Census undercounts spark concern among experts over data reliability
New data from the U.S. Census Bureau showing surprising population losses in American cities has some demographers questioning the reliability of the figures after the bureau acknowledged missing substantial numbers of minority populations during its decennial count.
The figures released last month showed 62 of America’s 100 largest counties losing population over a one-year period between July 2020 and July 2021.
At least 10 of the country’s largest metropolitan areas lost more than 1 percent of their population over that time, amounting to what would be a historic exodus. The data show San Francisco losing 6 percent of its population, while more than 1 in 50 residents moved out of New York City, Boston and Washington, D.C.
But to some who study population data, the figures hint at the possibility that Trump-era decisions to restrict the count harmed those big cities, all of which have substantial communities of color.
“It is in big cities, like San Francisco, Los Angeles, where the folks who are hard to count live. So if you conduct the census in such a way as to severely, and I would argue deliberately, undercount hard-to-count communities, then you are going to get lower population counties in those cities,” said Melissa Michelson, a demographer at Menlo College in the Bay Area. “I think that is part of what the Trump administration was doing, was to undercount people of color, to undercount immigrants, to undercount mixed status households.”
The Census Bureau said last month its decennial count had missed only a small number of Americans when it enumerated 331 million people living in the United States. But it was far more likely to undercount Black Americans, Latinos and American Indians and Alaska Natives.
Data from a survey the bureau conducts after every count showed the Black population was undercounted by 3.3 percent, while the bureau missed 5 percent of the Hispanic or Latino population. Both figures were far higher than the undercount that occurred a decade ago.
“It was a larger undercount than we’ve seen in the past,” said Mark Hugo Lopez, director of race and ethnicity research at the Pew Research Center. “We’re still waiting to get some more data on that to figure out how extensive that is.”
On the other hand, the bureau overcounted non-Hispanic whites by 1.6 percent, nearly double the overcount rate of the last census.
“The results of the post-enumeration survey have demonstrated that the Bureau has replicated this decade problems that it’s seen in several decades leading up to 2020, which is persistent undercounts of communities of color,” said Tom Wolf, deputy director of the Brennan Center for Justice’s Democracy Program and a census expert. “We’re now several decades deep into the same story.”
The undercount carries significant ramifications for federal programs that use census data to dole out billions of dollars in aid. Missing a few people — or in the case of some cities, tens of thousands of residents — can cost those governments dearly for a decade to come.
Cities, towns and counties that receive that money can challenge the results of the census if they believe their populations have been undercounted.
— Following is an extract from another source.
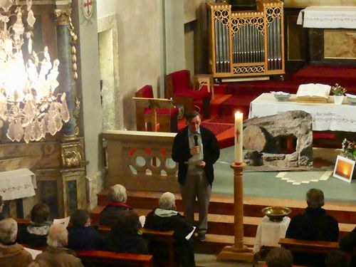 Le 31 mars 2023, à l'église des Contamines-Montjoie, une soixantaine de personnes étaient réunies autour du Père Joseph. Il souhaitait une soirée de louange avec tous ses amis, baptisés comme lui.

Twenty-two local governments have challenged census counts so far this year, from Wichita, Kan., to Bennett, Iowa, Tumwater, Wash., to Jonesboro, Ga.
Last week, Detroit became the largest city in the country to challenge the census count. In a letter, Mayor Mike Duggan (D) said an undercount would have “disastrous financial consequences for the City.”
“With every census you will find there are some cities or counties or even states that will challenge the count,” Lopez said. “How much those places receive from the federal government for various services are impacted.”
In an interview with The New York Times published Thursday, U.S. Census Bureau Director Robert Santos said his agency was exploring a number of ways to correct the count, including using administrative records generated by other government agencies and even data collected by private firms.
“We are exploring ways of identifying data from the commercial sector, acquiring it and seeing to what extent there is utility,” Santos said. “The one danger, of course, is that if you become too reliant on commercial data, there’s a danger that you’re one IPO or one change in a CEO away from not having access.”
Wolf, of the Brennan Center, said the data the bureau has produced remains unique in its breadth and scope, even though the bureau missed counting more than 18 million people.
“When you have significantly high omissions, you start to run into additional data quality problems,” he said. “These questions of fitness for use have to be answered in comparison to the alternatives. The alternatives don’t exist, so it’s hard to pursue that question any further.”
Some demographers have been looking for evidence of an urban exodus, either before the pandemic or as a result of the ensuing lockdowns and the rise of remote work. Most caution that the figures released so far will not yet capture the full picture of how Americans reacted to the pandemic, though the drops in population are an enticing data point.
“Maybe we should all be taking a step back from these dramatic pronouncement about the changes, and maybe question whether we’re analyzing false data,” Menlo College’s Michelson said. “Without an accurate count, it’s hard to know what’s actually happening.”